ХУЖЕ УБИЙЦЫ

ХУЖЕ УБИЙЦЫ

Аркадий КРАСИЛЬЩИКОВ

После парной, хорошей выпивки и вкусной закуски не положено говорить о дурном, но так уж вышло, что пошла речь о грехах юности. И вовсе не потому, что о грехах этих с возрастом приятно вспоминать, а совсем по другой причине.
Евгений Маркович Желток (есть и такая смешная фамилия) — господин необыкновенно тощий, совершенно седой, но розовощекий, как красная девица, стал по обыкновению жаловаться на свою жену — Софью Абрамовну. Была эта дама и в самом деле личностью мерзкой, пребывающей постоянно в дурном расположении духа, и немудрено, что при этом она обладала уникальной способностью погружать всю компанию в мутное болото смертельной тоски.
Стоило этой Софе только открыть рот, как сразу же, и всем собравшимся, казалось, что в мире нашем нет ничего, кроме пошлости, глупости и смерти. С особенной силой умела эта скаредная женщина ругать Израиль. В еврейском государстве ей не нравилось все и, прежде всего, сами евреи.
Евгений Маркович, напротив, пессимистом и ругателем не был.
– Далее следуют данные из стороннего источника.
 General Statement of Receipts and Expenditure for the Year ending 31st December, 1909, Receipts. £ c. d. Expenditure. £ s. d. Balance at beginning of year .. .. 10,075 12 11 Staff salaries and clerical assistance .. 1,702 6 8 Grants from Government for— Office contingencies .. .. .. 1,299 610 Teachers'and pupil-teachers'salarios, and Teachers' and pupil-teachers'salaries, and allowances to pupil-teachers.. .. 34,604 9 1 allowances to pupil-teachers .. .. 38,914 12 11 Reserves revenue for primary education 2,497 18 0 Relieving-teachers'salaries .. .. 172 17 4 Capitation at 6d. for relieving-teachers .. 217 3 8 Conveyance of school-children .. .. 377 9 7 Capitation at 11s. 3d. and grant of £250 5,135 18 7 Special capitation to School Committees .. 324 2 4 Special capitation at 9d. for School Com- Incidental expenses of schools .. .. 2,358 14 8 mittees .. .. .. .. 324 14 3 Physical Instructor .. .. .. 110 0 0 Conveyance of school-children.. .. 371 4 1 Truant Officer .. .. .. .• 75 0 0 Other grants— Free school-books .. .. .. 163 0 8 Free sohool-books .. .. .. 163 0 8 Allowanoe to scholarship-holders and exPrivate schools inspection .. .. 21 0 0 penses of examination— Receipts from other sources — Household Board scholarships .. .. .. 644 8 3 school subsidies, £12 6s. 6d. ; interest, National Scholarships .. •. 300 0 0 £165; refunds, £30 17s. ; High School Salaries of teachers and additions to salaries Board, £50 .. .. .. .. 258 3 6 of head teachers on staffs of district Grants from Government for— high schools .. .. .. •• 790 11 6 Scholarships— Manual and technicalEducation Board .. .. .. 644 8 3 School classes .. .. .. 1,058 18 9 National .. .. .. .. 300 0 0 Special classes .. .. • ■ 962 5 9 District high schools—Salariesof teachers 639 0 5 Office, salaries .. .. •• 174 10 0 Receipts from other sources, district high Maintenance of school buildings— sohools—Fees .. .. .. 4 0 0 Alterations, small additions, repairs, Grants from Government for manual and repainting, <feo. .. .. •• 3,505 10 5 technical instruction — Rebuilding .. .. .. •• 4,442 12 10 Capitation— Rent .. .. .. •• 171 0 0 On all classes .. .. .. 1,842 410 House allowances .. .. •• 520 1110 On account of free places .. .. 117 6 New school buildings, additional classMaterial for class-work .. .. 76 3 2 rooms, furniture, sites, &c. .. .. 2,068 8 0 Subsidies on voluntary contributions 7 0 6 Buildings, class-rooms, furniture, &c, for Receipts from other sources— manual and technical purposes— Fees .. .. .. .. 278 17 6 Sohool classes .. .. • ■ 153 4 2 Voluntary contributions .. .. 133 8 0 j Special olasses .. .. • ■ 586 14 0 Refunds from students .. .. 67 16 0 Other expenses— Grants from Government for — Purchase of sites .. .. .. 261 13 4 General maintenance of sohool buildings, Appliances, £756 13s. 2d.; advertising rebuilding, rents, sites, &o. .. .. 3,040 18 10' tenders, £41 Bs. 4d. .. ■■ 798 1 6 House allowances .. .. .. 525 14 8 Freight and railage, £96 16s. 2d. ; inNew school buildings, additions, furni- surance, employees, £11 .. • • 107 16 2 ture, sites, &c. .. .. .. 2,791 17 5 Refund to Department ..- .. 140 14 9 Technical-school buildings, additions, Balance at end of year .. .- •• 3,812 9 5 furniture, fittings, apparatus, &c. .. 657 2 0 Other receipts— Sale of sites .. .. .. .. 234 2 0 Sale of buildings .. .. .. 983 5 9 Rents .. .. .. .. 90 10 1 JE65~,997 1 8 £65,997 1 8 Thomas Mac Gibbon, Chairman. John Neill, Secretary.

Мало того, Желток умел, казалось, радоваться сущим пустякам, а анекдоты рассказывал с таким актерским блеском, что никто, в его присутствии, и не думал вступать с ним в поединок со своей, пусть и достаточно смешной, байкой.
Как уживались эти двое на протяжении 35 лет, понять было трудно. Но уживались, даже двоих детей родили и дождались внуков. Однако такой положительный результат семейной жизни не мешал Евгению Марковичу при каждом удобном случае эту личную жизнь проклинать. Впрочем, делал он это с легким, незлобивым юмором, а потому и ругань в адрес жены воспринималась слушателями, как забавный, очередной анекдот.
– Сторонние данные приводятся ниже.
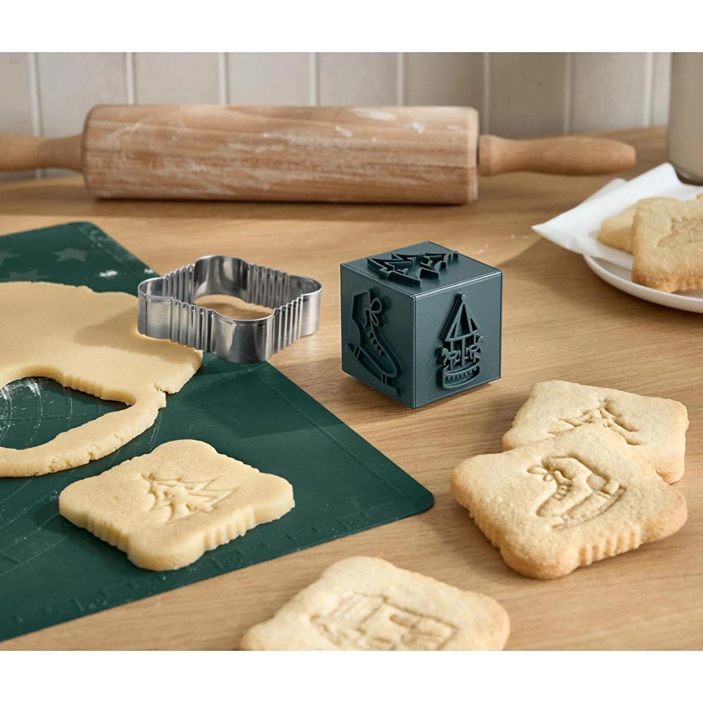 Bisküvi Damgası Seti Bisküvi kesici ve 6 kış motifi için damga Düzgün, zengin çeşitli bisküviler için 6 farklı motif Kaliteli paslanmaz çelikten bisküvi kesici Zararlı madde kontrolü yapılmıştır – harici, akredite kuruluşlar tarafından Renk Kurabiye damgası koyu yeşil Kurabiye kalıbı paslanmaz çelik rengi Malzeme Kurabiye damgası %100 ABS Bisküvi kesici 18/10 paslanmaz çelik Ölçüler Bisküvi damgası yaklaşık 5 x 5 cm Kurabiye kalıbı yaklaşık 7 x 7 cm İçerik Damga ve kurabiye kalıbı dahil Kullanım Uyarıları Bulaşık makinesinde yıkanabilir

Софья Абрамовна редко сопровождала мужа. В парной она не потела, пьянство терпеть не могла и соблюдала строгую диету. Обычно Евгений Маркович использовал отсутствие супруги для очередного веселого рассказа о ее злом нраве, но на этот раз что-то с ним произошло. Да и выглядел Желток как-то непривычно, бледен был смертельно, и повел речь без обычных шуток-прибауток.
— Грехи наши, — сказал Желток. — Все от них: и пот, и кровь, и все несчастья жизни.
Никому эта преамбула не понравилась. Место и время для подобных откровений Евгений Маркович выбрал неудачно. Хозяин бани подлил пива в кружку тощего приятеля и подвинул к нему блюдце с очищенной воблой.
— Брось! — сказал он. — Что было, то прошло. Давай, Женька, лучше анекдотец.
— О чем? — мрачно поинтересовался Желток.
— Про любовь плотскую, — предложил, облизнув губы, третий в компании, лучший друг дома по имени Арнольд.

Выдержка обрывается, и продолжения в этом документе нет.